--- PROBLEM ---
Retype word for word the stretch of entries below from the line that has "La jupe Zahra" through the line that has "Sanipa 3way Stauraumschrank", and omit the pictures.
[Opening PROVIDED MATERIAL section]
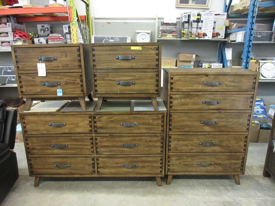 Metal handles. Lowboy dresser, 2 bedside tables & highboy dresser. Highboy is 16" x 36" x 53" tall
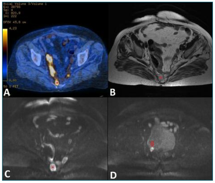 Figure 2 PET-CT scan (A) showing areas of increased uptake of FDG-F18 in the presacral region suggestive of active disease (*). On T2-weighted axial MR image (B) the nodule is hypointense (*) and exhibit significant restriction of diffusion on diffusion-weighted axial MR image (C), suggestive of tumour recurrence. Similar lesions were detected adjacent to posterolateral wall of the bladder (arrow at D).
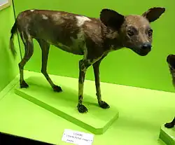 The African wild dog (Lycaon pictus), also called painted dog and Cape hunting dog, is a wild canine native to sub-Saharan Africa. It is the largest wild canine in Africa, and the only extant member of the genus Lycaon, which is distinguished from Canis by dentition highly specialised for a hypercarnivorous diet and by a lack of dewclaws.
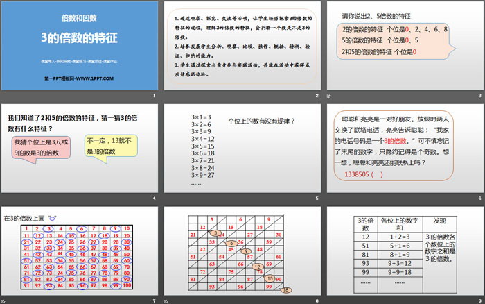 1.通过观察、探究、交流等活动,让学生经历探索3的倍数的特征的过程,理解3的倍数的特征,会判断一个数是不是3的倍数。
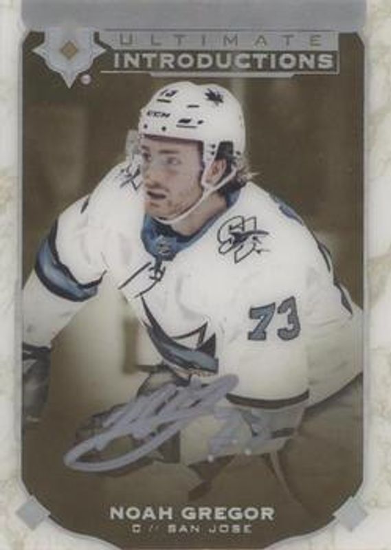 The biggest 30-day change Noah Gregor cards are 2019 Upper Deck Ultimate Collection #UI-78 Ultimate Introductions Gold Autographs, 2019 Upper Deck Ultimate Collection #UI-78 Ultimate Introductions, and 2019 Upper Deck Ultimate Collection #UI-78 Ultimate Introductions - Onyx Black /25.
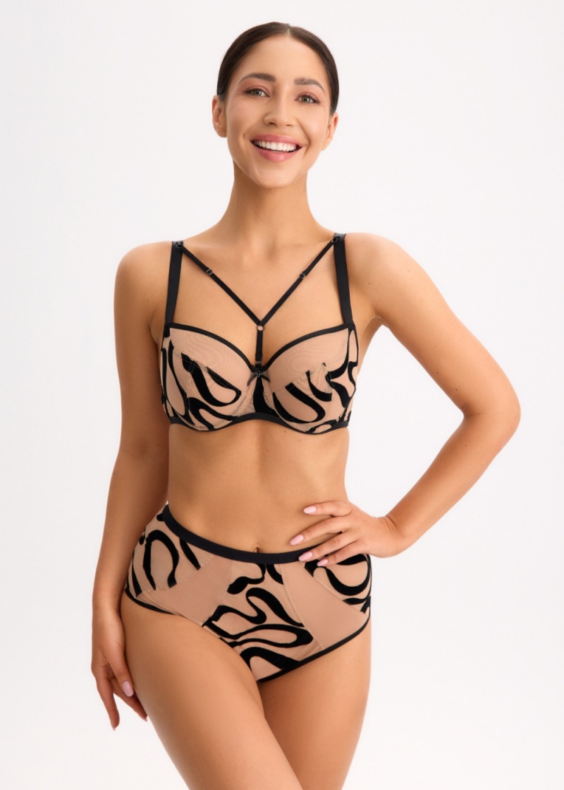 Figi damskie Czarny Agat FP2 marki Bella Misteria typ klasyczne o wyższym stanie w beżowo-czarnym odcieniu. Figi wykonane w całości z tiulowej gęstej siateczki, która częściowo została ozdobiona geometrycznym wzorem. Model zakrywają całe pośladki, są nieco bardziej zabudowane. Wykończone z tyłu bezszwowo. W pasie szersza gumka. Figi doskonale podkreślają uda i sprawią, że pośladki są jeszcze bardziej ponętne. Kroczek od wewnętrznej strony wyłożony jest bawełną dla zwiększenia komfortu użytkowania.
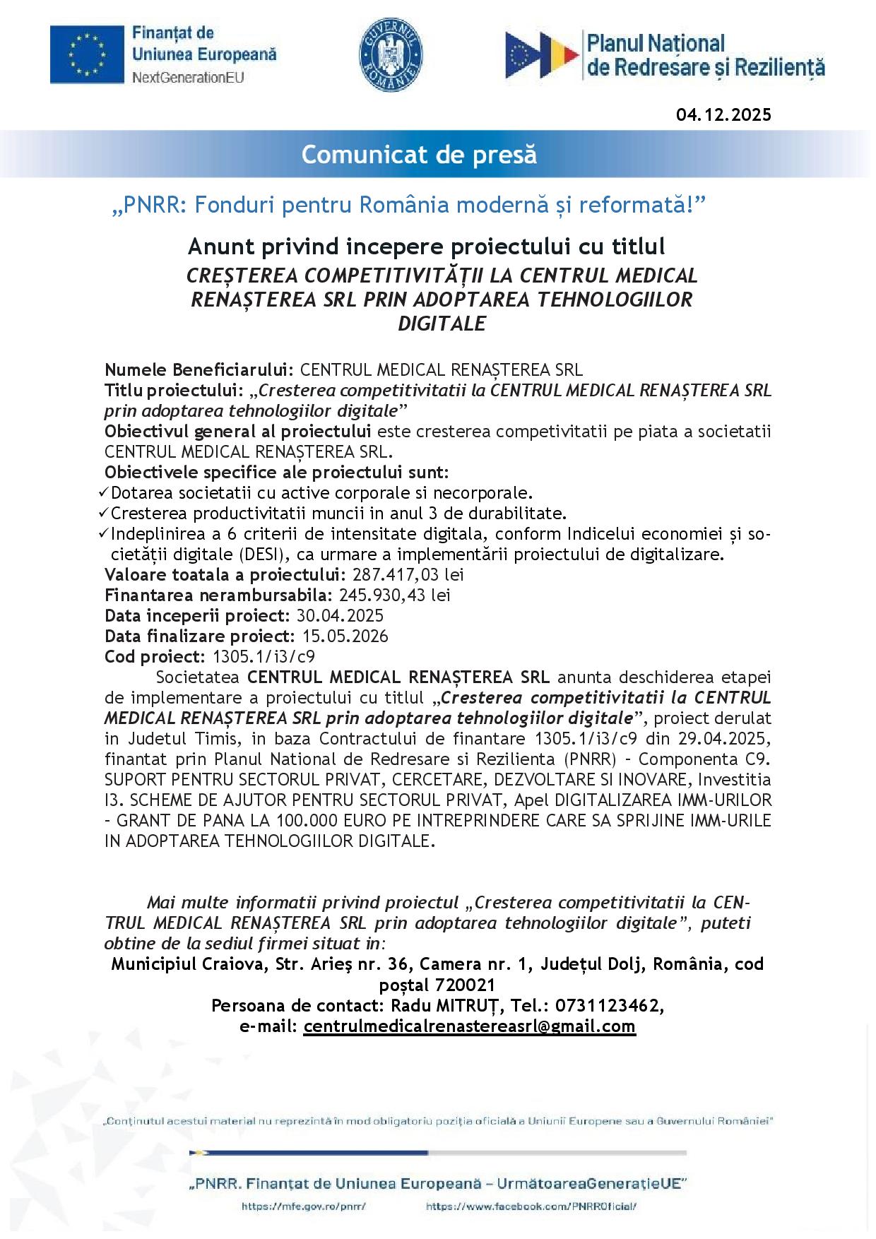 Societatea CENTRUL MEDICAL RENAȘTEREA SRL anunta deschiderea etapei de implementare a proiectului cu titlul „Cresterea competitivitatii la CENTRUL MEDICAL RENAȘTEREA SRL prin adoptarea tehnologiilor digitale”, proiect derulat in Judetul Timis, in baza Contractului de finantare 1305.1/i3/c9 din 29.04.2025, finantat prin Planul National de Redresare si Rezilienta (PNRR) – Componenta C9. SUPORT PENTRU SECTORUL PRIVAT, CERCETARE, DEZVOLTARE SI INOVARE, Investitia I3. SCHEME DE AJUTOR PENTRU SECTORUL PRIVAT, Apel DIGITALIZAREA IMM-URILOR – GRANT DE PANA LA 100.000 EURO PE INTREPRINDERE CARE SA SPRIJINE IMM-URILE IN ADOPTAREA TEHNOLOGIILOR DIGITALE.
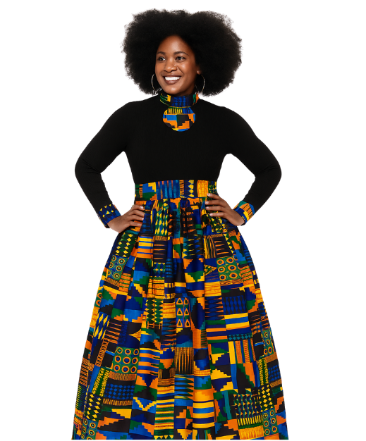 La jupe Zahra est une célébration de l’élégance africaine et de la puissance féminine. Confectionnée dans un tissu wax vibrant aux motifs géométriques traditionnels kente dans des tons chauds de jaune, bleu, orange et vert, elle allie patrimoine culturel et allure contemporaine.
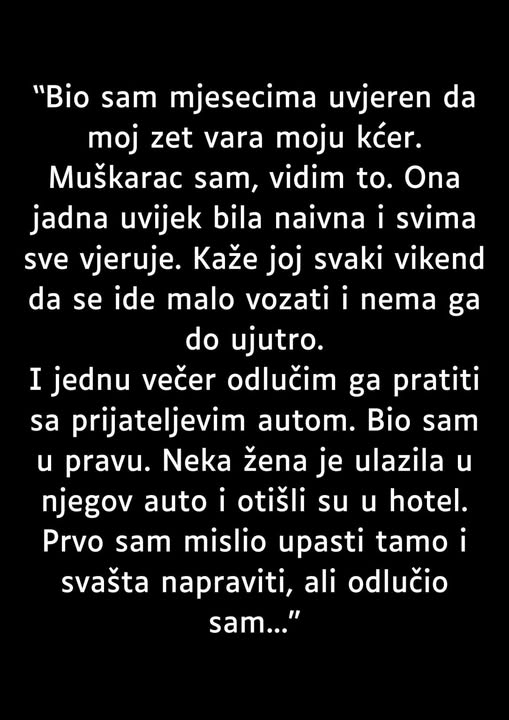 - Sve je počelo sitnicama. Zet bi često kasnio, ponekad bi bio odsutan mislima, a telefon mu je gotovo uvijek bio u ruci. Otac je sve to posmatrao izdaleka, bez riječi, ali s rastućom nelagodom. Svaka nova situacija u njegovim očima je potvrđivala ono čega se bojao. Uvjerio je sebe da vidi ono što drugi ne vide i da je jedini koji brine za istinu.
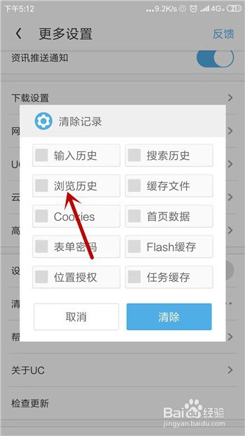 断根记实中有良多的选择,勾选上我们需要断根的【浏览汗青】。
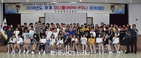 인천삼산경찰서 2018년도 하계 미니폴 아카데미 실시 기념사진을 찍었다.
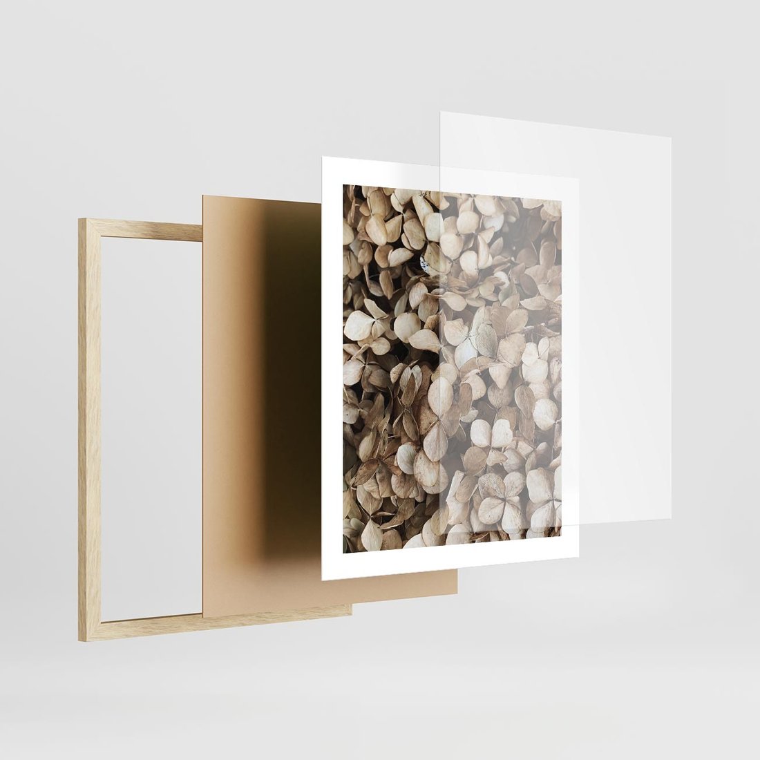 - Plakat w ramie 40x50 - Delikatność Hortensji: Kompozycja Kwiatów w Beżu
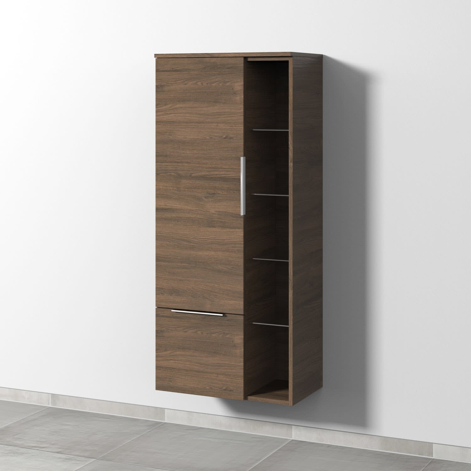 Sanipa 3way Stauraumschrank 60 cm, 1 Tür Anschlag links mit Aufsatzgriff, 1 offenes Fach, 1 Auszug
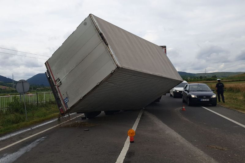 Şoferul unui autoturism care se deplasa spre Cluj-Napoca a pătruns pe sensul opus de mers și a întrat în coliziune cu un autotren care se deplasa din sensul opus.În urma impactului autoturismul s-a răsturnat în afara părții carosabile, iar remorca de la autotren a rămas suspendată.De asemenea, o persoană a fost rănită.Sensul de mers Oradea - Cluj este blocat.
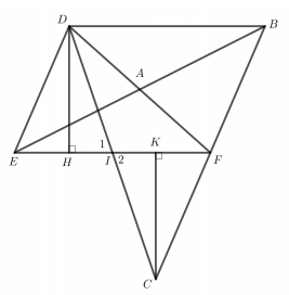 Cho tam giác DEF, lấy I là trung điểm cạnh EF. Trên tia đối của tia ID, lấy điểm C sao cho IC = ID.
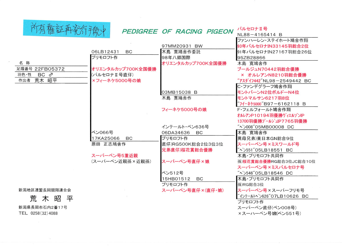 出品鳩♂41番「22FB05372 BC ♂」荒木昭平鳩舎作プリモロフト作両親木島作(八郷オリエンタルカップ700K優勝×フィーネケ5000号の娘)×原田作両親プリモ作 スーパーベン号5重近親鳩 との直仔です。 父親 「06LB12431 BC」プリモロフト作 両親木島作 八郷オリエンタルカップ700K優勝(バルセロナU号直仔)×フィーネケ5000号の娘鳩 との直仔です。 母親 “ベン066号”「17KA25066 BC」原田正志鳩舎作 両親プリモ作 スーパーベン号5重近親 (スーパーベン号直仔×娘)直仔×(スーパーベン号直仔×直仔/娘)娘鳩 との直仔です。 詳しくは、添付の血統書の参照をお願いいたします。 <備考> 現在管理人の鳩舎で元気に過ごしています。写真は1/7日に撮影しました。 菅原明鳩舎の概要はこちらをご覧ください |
[Closing PROVIDED MATERIAL section]
--- ANSWER FOR THE TASK ---
 La jupe Zahra est une célébration de l’élégance africaine et de la puissance féminine. Confectionnée dans un tissu wax vibrant aux motifs géométriques traditionnels kente dans des tons chauds de jaune, bleu, orange et vert, elle allie patrimoine culturel et allure contemporaine.
 - Sve je počelo sitnicama. Zet bi često kasnio, ponekad bi bio odsutan mislima, a telefon mu je gotovo uvijek bio u ruci. Otac je sve to posmatrao izdaleka, bez riječi, ali s rastućom nelagodom. Svaka nova situacija u njegovim očima je potvrđivala ono čega se bojao. Uvjerio je sebe da vidi ono što drugi ne vide i da je jedini koji brine za istinu.
 断根记实中有良多的选择,勾选上我们需要断根的【浏览汗青】。
 인천삼산경찰서 2018년도 하계 미니폴 아카데미 실시 기념사진을 찍었다.
 - Plakat w ramie 40x50 - Delikatność Hortensji: Kompozycja Kwiatów w Beżu
 Sanipa 3way Stauraumschrank 60 cm, 1 Tür Anschlag links mit Aufsatzgriff, 1 offenes Fach, 1 Auszug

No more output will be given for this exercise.